The Review by Edoardo Bertero and Christoph Maack (Metabolic remodelling in heart failure. Nat. Rev. Cardiol. 15, 457–470; 2018)1 addresses the changes in cardiac energy metabolism that occur during the development of heart failure (HF). The authors convincingly argue that alterations of intermediate substrate metabolism and oxidative stress, rather than an ATP deficit per se, account for maladaptive remodelling and dysfunction. Despite the comprehensive discussion of this topic, some aspects need further clarification or elaboration.

HF is a clinical syndrome characterized by a myocardial abnormality causing systolic and/or diastolic ventricular dysfunction2. The main examples, as discussed in the Review1, are pressure overload-induced HF, ischaemic HF, and diabetes-induced HF (diabetic cardiomyopathy). From a metabolic perspective, these forms of HF differ markedly in that in both pressure overload-induced HF and ischaemic HF, substrate preference shifts towards increased glucose utilization, whereas in diabetic cardiomyopathy, fatty acids become the preferred substrate3,4. In the Review, HF is considered to be caused by pressure overload or ischaemia, whereas diabetic cardiomyopathy is discussed separately, which is confusing. For example, the statement that “The failing heart is characterized by an increase in glucose uptake and glycolytic rates” (page 461)1 is valid for pressure overload-induced HF and ischaemic HF, not diabetes-induced HF.

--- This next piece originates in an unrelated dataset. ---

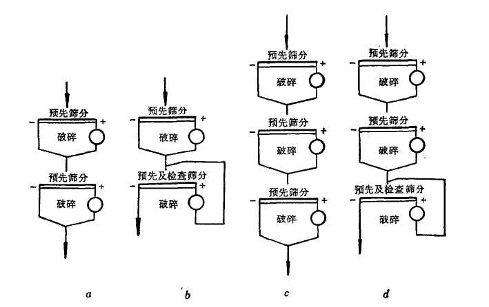 小型選礦廠常采用二段開路破種流程(圖1a),第一段一般可不設預先篩分。中小型選礦廠常用二段一次閉路破嬸流程(圖1b)成二段 —次閉路破碎流程(圖1d)。大型選礦廠常用三段開路破碎流程(圖lc)或三段一次閉路破碎她程(團1d)。在處理含水分較高的泥質礦 石及易產生大量石英礦塵的礦石時,以采用開路破碎流程為宜,因采用閉路破碎時,易使篩網及破碎機堵塞,或產生很多有害礦塵。

Toxic intracellular accumulation of lipid species (lipotoxicity) is mentioned as a contributing cause of HF. However, the contribution of lipotoxicity to the progression of HF is well-known in diabetic HF but has not been established for pressure overload-induced HF3. The same applies for the role of decreased insulin sensitivity in developing HF4. Moreover, lipotoxicity and insulin resistance are unlikely to be general features of the pressure-overloaded heart.

With respect to targeting substrate metabolism as a treatment option for HF, the hypothesis is discussed that inhibition of fatty acid oxidation might be beneficial because it would induce a shift towards increased utilization of glucose, which has higher oxygen efficiency than fatty acids. Such intervention is helpful in ischaemic HF but not in pressure overload-induced HF5,6 and certainly not in diabetic HF because that would lead to a further mismatch between fatty acid uptake and oxidation, resulting in increased intracellular accumulation of toxic lipid species5,7.

The interplay between the intracellular utilization of glucose and of fatty acids for oxidative energy provision (the Randle cycle) is adequately described, but the Review does not mention that a major rate-governing kinetic step in overall myocellular glucose utilization is cardiac glucose uptake8, and that in fatty acid utilization it is the fatty acid uptake process (that is, trans-sarcolemmal transport)9. Specifically, the relative presence of glucose transporters (GLUT1 and GLUT4) and fatty acid transporters (mainly SR-B2, also known as CD36) in the sarcolemma determines the myocardial utilization of glucose and fatty acids, respectively, and, as a corollary, controls cardiac substrate preference. Therefore, increased sarcolemmal CD36 has been found to be an important early hallmark of the development of diabetic HF9. Furthermore, selectively manipulating the recruitment to the sarcolemma of either GLUT4 or CD36 has been reported in experimental animal studies as a suitable approach to rebalance cardiac substrate utilization and improve cardiac contractile function10.

Finally, besides discerning between forms of HF, distinction should also be made between stages of HF development because the type and degree of metabolic adaptation of the heart change during the course of HF progression7. Monitoring the cardiac metabolic state is, therefore, not only of interest for early identification of changes in substrate preference but also to predict and assess the effectiveness of treatment.